Хозяин, сверкнув острым глазом из волосяных зарослей в сторону дочери, крякнул, выплеснул, как в таз, в темный зубатый рот самогон из стакана и сказал неожиданно ласково, довольно шлепая толстыми губами:
– Зря ты на меня, сосед, мы люди темные. Услыхал и брякнул – век открыто перед людьми жил. А ты, Маня, не стой зря, скажи матке яишницу изжарить поболе, пусть не жалеет. Сходи в подвал, яблочков моченых набери. Хороши у меня ноне яблочки-то, Захар Тарасович, ох хороши, сроду так не удавались. Не плод от земли, янтарь заморский, так и светятся.
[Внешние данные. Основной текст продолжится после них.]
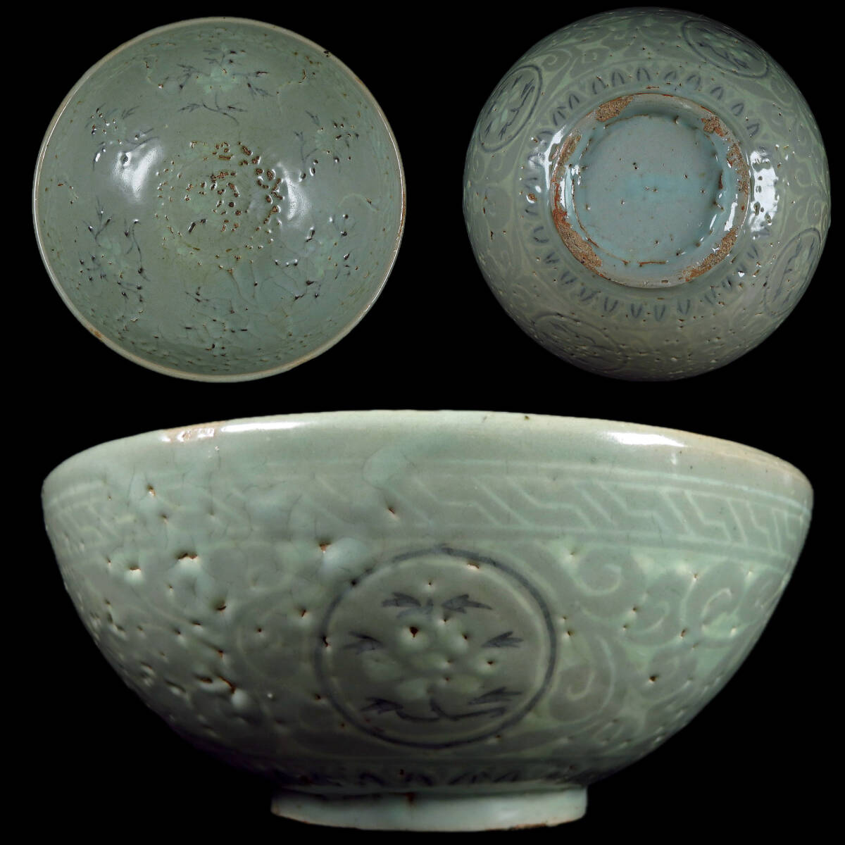 - 【SAKURAYA】コレクター整理品【高麗青磁 茶碗】煎茶道具 茶道具 白黒象嵌 時代物 韓国 骨董品 古美術品 朝鮮古美術 朝鮮古陶磁 直径19cm

Он глядел прямо в глаза Дерюгину с какой-то поощрительной усмешкой, словно не о яблоках говорил, а о дочери, и у Захара опять сладко занемели ноги, и он вытянул их под столом; хороша поднялась девка у Поливанова, вся за последний год налилась, тронь, так и брызнет соком, и глаза бесстыжие ждут. Видать, и сам Поливанов заметил, что всякий раз, задерживая взгляд на девке, он, Захар, неловко, с деланным безразличием отворачивается, да и не надо было к Поливанову идти после похорон пить, расползутся по селу слухи.
– Кажись, и правда из хохлов забрела, сорочка вся петушками расшита, – говорил теперь Микита Бобок, подергивая взлохмаченной бородкой. – И я так слышал, Захар. Оттуда много теперь – мужики, дети бредут. Неладно, слышно, у них. Кожа к костям присохла, торкает, торкает по дороге, ляжет – и готов. А перед самым концом дурной водой наливается, разносит его. Кто говорит, недород на Украине хватил, а кто… Вон моя мать о конце света убивается, ночи не спит, антихриста поджидает.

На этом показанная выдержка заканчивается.